*SUPPLIED MATERIAL*
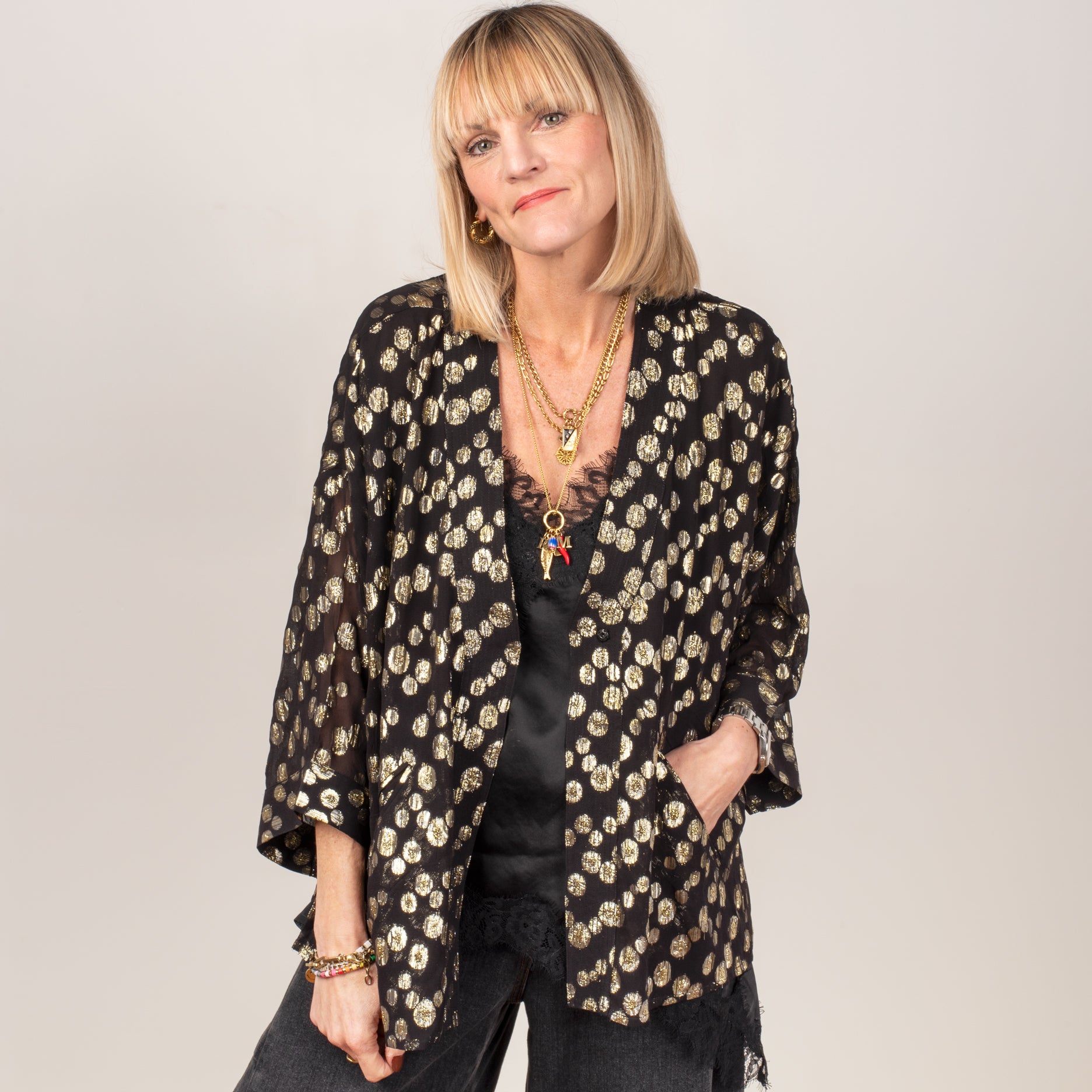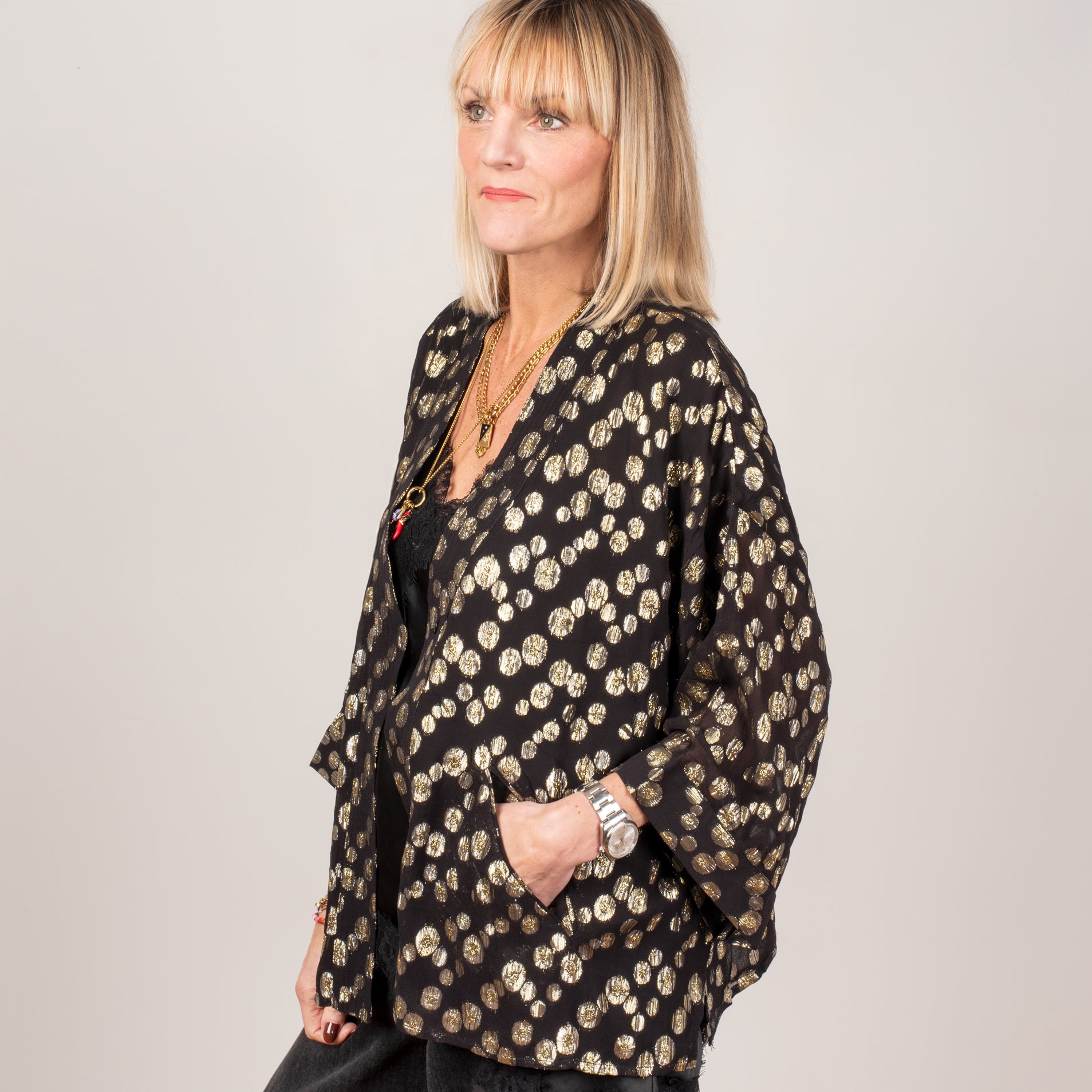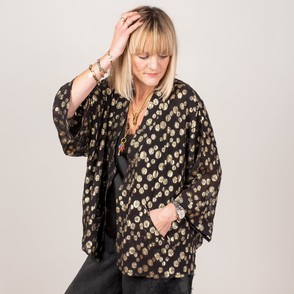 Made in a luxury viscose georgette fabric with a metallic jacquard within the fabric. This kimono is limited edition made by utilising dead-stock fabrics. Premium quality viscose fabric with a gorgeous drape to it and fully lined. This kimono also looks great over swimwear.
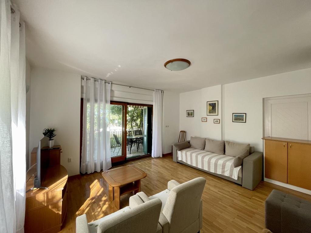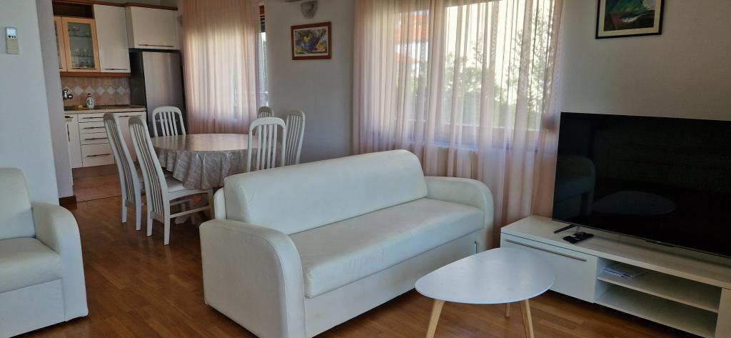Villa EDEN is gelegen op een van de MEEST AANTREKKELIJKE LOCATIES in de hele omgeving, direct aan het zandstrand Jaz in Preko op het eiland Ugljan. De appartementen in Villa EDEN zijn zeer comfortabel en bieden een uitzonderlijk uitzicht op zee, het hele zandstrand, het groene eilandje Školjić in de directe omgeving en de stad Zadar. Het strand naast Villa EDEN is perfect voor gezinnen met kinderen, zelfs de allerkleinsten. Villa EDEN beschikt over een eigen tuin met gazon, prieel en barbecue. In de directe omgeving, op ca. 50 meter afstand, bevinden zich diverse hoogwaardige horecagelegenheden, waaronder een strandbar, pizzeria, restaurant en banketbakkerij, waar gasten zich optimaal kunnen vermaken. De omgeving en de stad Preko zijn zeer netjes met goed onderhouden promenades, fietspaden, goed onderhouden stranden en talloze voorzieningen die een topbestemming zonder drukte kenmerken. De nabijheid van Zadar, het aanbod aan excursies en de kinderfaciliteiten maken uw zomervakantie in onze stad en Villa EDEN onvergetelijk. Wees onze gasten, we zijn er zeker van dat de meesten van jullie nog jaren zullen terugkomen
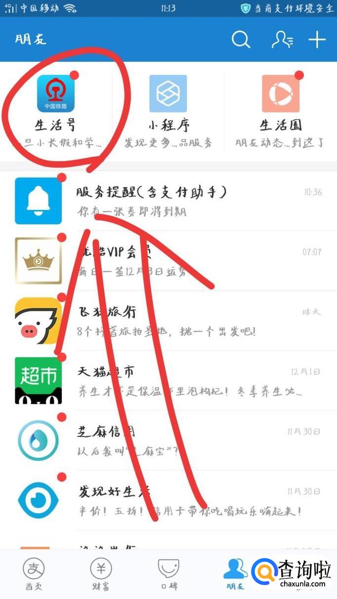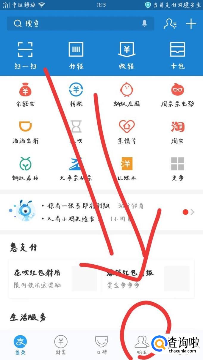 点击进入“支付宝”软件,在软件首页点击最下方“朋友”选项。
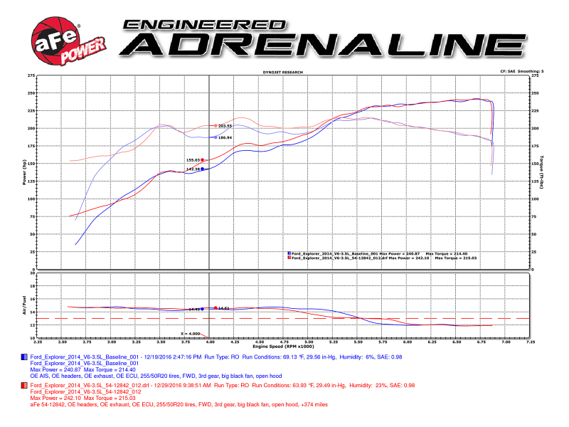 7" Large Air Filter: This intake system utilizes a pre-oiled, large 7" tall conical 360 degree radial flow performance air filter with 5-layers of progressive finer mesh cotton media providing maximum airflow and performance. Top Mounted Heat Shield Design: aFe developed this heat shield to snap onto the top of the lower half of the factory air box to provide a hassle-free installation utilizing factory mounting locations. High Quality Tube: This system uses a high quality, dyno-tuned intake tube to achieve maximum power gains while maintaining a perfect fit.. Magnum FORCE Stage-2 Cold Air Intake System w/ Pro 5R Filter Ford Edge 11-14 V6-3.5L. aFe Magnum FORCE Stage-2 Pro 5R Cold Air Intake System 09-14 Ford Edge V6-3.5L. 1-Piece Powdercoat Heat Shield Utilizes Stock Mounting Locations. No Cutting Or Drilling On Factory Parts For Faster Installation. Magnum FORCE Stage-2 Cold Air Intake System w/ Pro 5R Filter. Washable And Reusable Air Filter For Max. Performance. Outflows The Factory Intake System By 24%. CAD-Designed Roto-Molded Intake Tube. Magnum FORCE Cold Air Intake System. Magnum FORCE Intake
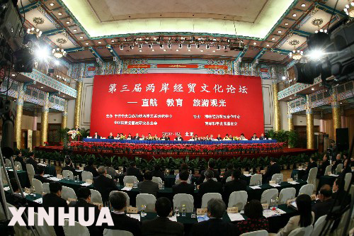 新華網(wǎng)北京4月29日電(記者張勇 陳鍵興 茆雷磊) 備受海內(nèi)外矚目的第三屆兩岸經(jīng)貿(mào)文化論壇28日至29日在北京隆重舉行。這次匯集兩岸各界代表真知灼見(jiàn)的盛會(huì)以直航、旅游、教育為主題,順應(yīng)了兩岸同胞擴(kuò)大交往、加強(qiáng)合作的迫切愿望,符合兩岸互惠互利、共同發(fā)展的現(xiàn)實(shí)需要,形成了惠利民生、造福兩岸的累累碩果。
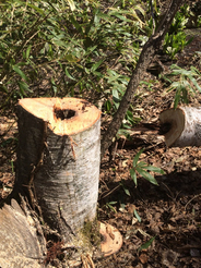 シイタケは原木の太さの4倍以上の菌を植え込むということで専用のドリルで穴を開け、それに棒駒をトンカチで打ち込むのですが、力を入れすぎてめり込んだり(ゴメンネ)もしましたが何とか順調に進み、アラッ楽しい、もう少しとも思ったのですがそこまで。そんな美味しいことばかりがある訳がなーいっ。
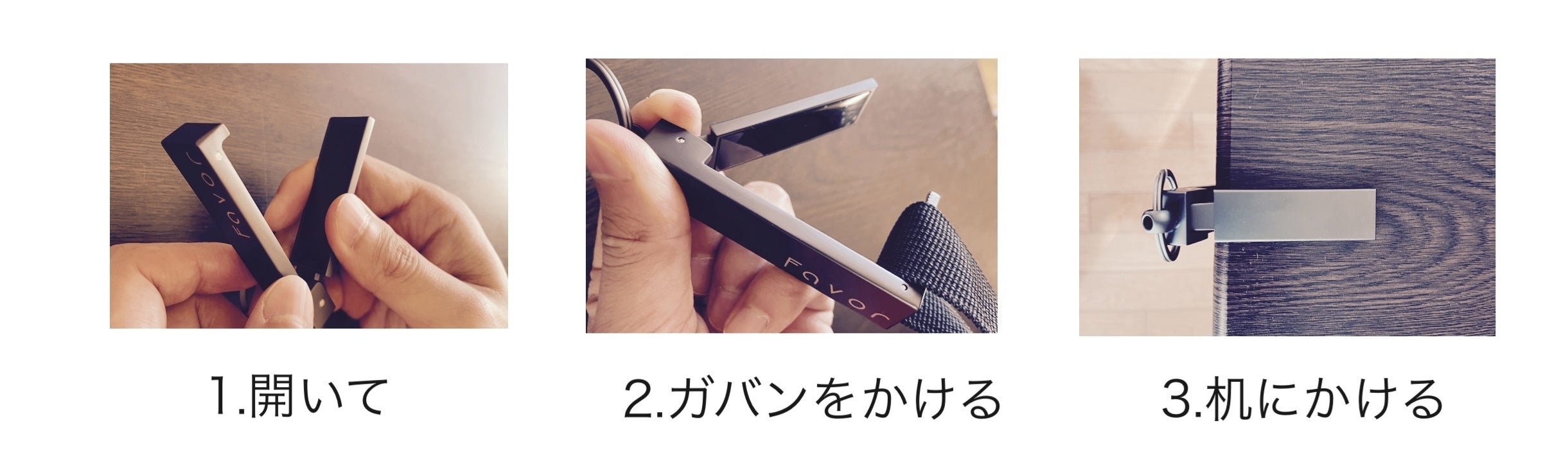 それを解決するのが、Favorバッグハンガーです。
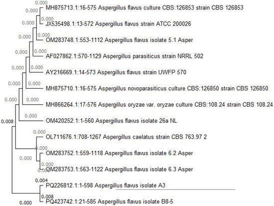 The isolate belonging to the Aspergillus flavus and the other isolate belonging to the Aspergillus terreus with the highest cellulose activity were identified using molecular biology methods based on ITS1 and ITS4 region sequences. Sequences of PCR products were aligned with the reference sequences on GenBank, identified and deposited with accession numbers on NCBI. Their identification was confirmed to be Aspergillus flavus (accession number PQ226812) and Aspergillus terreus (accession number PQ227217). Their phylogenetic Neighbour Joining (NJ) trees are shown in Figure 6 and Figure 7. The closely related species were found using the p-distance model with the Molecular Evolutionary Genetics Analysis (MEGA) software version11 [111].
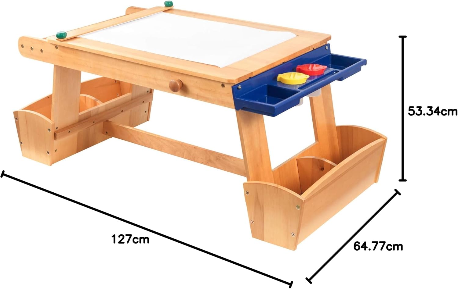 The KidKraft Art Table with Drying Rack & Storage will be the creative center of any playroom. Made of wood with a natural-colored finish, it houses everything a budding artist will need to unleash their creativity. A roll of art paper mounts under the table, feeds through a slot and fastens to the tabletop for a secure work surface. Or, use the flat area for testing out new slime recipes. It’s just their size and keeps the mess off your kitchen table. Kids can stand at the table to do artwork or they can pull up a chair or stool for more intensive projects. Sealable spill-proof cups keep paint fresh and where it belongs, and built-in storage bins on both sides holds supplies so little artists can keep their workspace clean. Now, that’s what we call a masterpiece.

*WHAT THIS TASK INVOLVES*
Transcribe the entries above verbatim, omitting their pictures.

*ANSWER FOR THIS EXERCISE*
 Made in a luxury viscose georgette fabric with a metallic jacquard within the fabric. This kimono is limited edition made by utilising dead-stock fabrics. Premium quality viscose fabric with a gorgeous drape to it and fully lined. This kimono also looks great over swimwear.
Villa EDEN is gelegen op een van de MEEST AANTREKKELIJKE LOCATIES in de hele omgeving, direct aan het zandstrand Jaz in Preko op het eiland Ugljan. De appartementen in Villa EDEN zijn zeer comfortabel en bieden een uitzonderlijk uitzicht op zee, het hele zandstrand, het groene eilandje Školjić in de directe omgeving en de stad Zadar. Het strand naast Villa EDEN is perfect voor gezinnen met kinderen, zelfs de allerkleinsten. Villa EDEN beschikt over een eigen tuin met gazon, prieel en barbecue. In de directe omgeving, op ca. 50 meter afstand, bevinden zich diverse hoogwaardige horecagelegenheden, waaronder een strandbar, pizzeria, restaurant en banketbakkerij, waar gasten zich optimaal kunnen vermaken. De omgeving en de stad Preko zijn zeer netjes met goed onderhouden promenades, fietspaden, goed onderhouden stranden en talloze voorzieningen die een topbestemming zonder drukte kenmerken. De nabijheid van Zadar, het aanbod aan excursies en de kinderfaciliteiten maken uw zomervakantie in onze stad en Villa EDEN onvergetelijk. Wees onze gasten, we zijn er zeker van dat de meesten van jullie nog jaren zullen terugkomen
 点击进入“支付宝”软件,在软件首页点击最下方“朋友”选项。
 7" Large Air Filter: This intake system utilizes a pre-oiled, large 7" tall conical 360 degree radial flow performance air filter with 5-layers of progressive finer mesh cotton media providing maximum airflow and performance. Top Mounted Heat Shield Design: aFe developed this heat shield to snap onto the top of the lower half of the factory air box to provide a hassle-free installation utilizing factory mounting locations. High Quality Tube: This system uses a high quality, dyno-tuned intake tube to achieve maximum power gains while maintaining a perfect fit.. Magnum FORCE Stage-2 Cold Air Intake System w/ Pro 5R Filter Ford Edge 11-14 V6-3.5L. aFe Magnum FORCE Stage-2 Pro 5R Cold Air Intake System 09-14 Ford Edge V6-3.5L. 1-Piece Powdercoat Heat Shield Utilizes Stock Mounting Locations. No Cutting Or Drilling On Factory Parts For Faster Installation. Magnum FORCE Stage-2 Cold Air Intake System w/ Pro 5R Filter. Washable And Reusable Air Filter For Max. Performance. Outflows The Factory Intake System By 24%. CAD-Designed Roto-Molded Intake Tube. Magnum FORCE Cold Air Intake System. Magnum FORCE Intake
 新華網(wǎng)北京4月29日電(記者張勇 陳鍵興 茆雷磊) 備受海內(nèi)外矚目的第三屆兩岸經(jīng)貿(mào)文化論壇28日至29日在北京隆重舉行。這次匯集兩岸各界代表真知灼見(jiàn)的盛會(huì)以直航、旅游、教育為主題,順應(yīng)了兩岸同胞擴(kuò)大交往、加強(qiáng)合作的迫切愿望,符合兩岸互惠互利、共同發(fā)展的現(xiàn)實(shí)需要,形成了惠利民生、造福兩岸的累累碩果。
 シイタケは原木の太さの4倍以上の菌を植え込むということで専用のドリルで穴を開け、それに棒駒をトンカチで打ち込むのですが、力を入れすぎてめり込んだり(ゴメンネ)もしましたが何とか順調に進み、アラッ楽しい、もう少しとも思ったのですがそこまで。そんな美味しいことばかりがある訳がなーいっ。
 それを解決するのが、Favorバッグハンガーです。
 The isolate belonging to the Aspergillus flavus and the other isolate belonging to the Aspergillus terreus with the highest cellulose activity were identified using molecular biology methods based on ITS1 and ITS4 region sequences. Sequences of PCR products were aligned with the reference sequences on GenBank, identified and deposited with accession numbers on NCBI. Their identification was confirmed to be Aspergillus flavus (accession number PQ226812) and Aspergillus terreus (accession number PQ227217). Their phylogenetic Neighbour Joining (NJ) trees are shown in Figure 6 and Figure 7. The closely related species were found using the p-distance model with the Molecular Evolutionary Genetics Analysis (MEGA) software version11 [111].
 The KidKraft Art Table with Drying Rack & Storage will be the creative center of any playroom. Made of wood with a natural-colored finish, it houses everything a budding artist will need to unleash their creativity. A roll of art paper mounts under the table, feeds through a slot and fastens to the tabletop for a secure work surface. Or, use the flat area for testing out new slime recipes. It’s just their size and keeps the mess off your kitchen table. Kids can stand at the table to do artwork or they can pull up a chair or stool for more intensive projects. Sealable spill-proof cups keep paint fresh and where it belongs, and built-in storage bins on both sides holds supplies so little artists can keep their workspace clean. Now, that’s what we call a masterpiece.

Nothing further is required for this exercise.